Чтобы любить, надо стать абсолютно недоступным и ни к чему не пригодным. В этом чаньском парадоксе исток силы.

и я иссох и я стоял как дуб
и шла в пыли через меня дорога
и чьи-то руки мне касались губ
шли тени к Стиксу как листва и бога

не поминали. На мосту замки
хранили смысл негнущейся реки.
Зачем же коршун миру прокричал,
и виноград кипел и был кузнечик
росы и красных губ причал
и стриж как ложка пил из речек?
……………………………………………….

(«Из Боратынского»)

Или:

………………………………………………………………………..
эта крохотная, крохотная как наперсток нищенка
                    оплакивающая всех нас
у стен горластого рынка или у чьей-то могилы
или глядя в небо
выцветшими глазами —
неужто вместила тайфун плача
сгибающий дубы играющий светилами и мирами
неужто все еще держит мир
                    младенцем слезы
словно новая Мариам

(«Нищенка»)

Плач — не декорация и не красота.
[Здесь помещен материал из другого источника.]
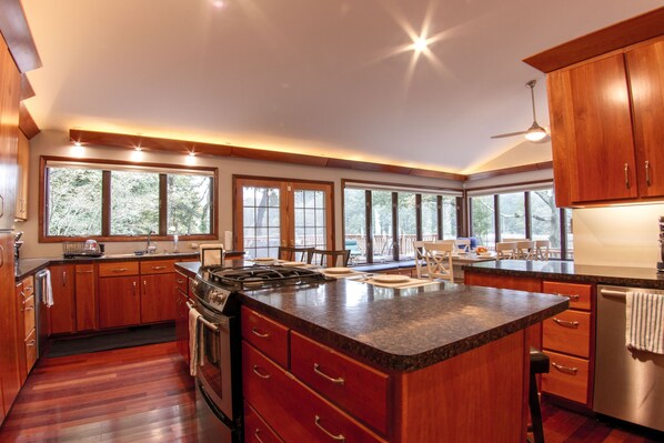 This Property was every bit as BEAUTIFUL pictured. It was very well stocked, dish soap, tp, hand soap in bathrooms, dish washer and laundry tabs. The lay is perfect for larger groups and plenty of area for smaller children to play. We took 4 Kayaks and daily paddled out to the sand bar or even ventured into the bay part depending on the wind. We seen Bald Eagles, Deer, Snapping Turtles and other wild life while sitting on the back deck in the evenings. Total relaxation! Our group also brought bikes and enjoyed early morning & evening rides where we seen lots of deer up close. The bikes were also nice to ride back and forth to the small beach near by. They younger part of our group even biked to Elm beach a few miles away while the grandparents & toddles drove. Elm Beach is a great park for smaller kids and the beach was very nice, not crowded during the week days. The Pool... well one word Excellent! We used the pool everyday and loved it. We did take a small blow up kiddy pool for our 2 & 3 year old grand kids which worked out wonderful. The only thing that we could of used was some shade by the pool area. We did end up running out to buy an umbrella to give some of us that burn easy shade access. Id recommend bringing a small easy up if you have one. The young couple next door was very nice and friendly when we seen them. This was by far one of the nicest houses we have ever rented and I'd highly recommend it to anyone who loves seclusion with a bit of mountain yet beach feel. Lots to do and all around great place.

В измерении потребляемой красоты плач уродлив. Красивая женщина, искренне рыдая или сдерживая рыданья, становится некрасивой, ибо выходит в иное измерение. Сегодня истинное измерение Земли и нас самих — плачет, не может не плакать, мы видим, к чему привела мир всеобщая забота о блядской эстетике, о всех этих кремах, тату и декольте, о фланированиях и о торговле сексуальными причиндалами во всех сферах броуновой активности. Плачьте! Пусть омоет Землю великий и всеобщий плач! Плач — совсем иная музыка. Он — не-музыка.
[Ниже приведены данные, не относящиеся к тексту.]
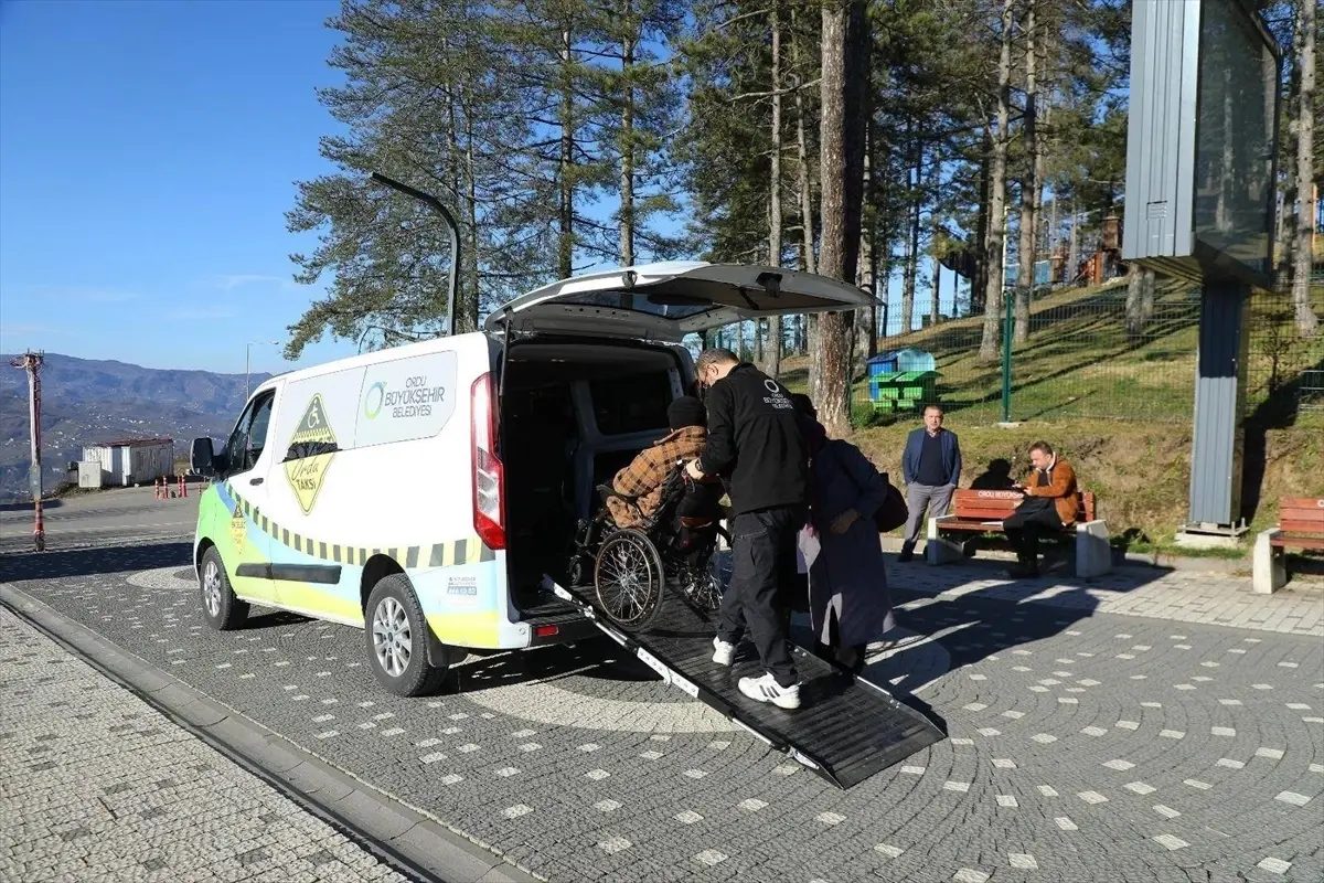 Ordu’da 90 yaşındaki yürüme engelli Yılmaz Doğan, Büyükşehir Belediyesinin “engelsiz taksi” hizmetinden faydalanarak 530 rakımlı Boztepe’den şehri izleme imkanı buldu.

есть звук что выпрямляет миру позвонки
и смертных он роднит с богами ибо
зрят плачем выжженные очи
ту область яви что бессмертным не дается
но внятна Антигоне и Эдипу
траве людской познавшей кто она
всем тем кто сжег дотла глазницы
и белыми дорогами идут

(«Плач»)

Блейку у Таврова ангелы сообщили о том, что «сегодня закончилось Время». Здесь иное летоисчисление: не по часам исторического прогресса. В том внутреннем измерении, в которое мы вошли, время остановилось, ибо душе некуда жить. Стрелки часов идут холостым ходом. И миллионы слов говорятся втуне. Нищих людей с младенцами давят не стесняясь. Людей непрерывно сортируют. Как можно здесь любоваться часовым механизмом бессчетных эстетик? И все же что делает Блейк?

И я иду в свою мастерскую, и пламя от плеч моих
достает до кораблей и птиц Небесного Иерусалима…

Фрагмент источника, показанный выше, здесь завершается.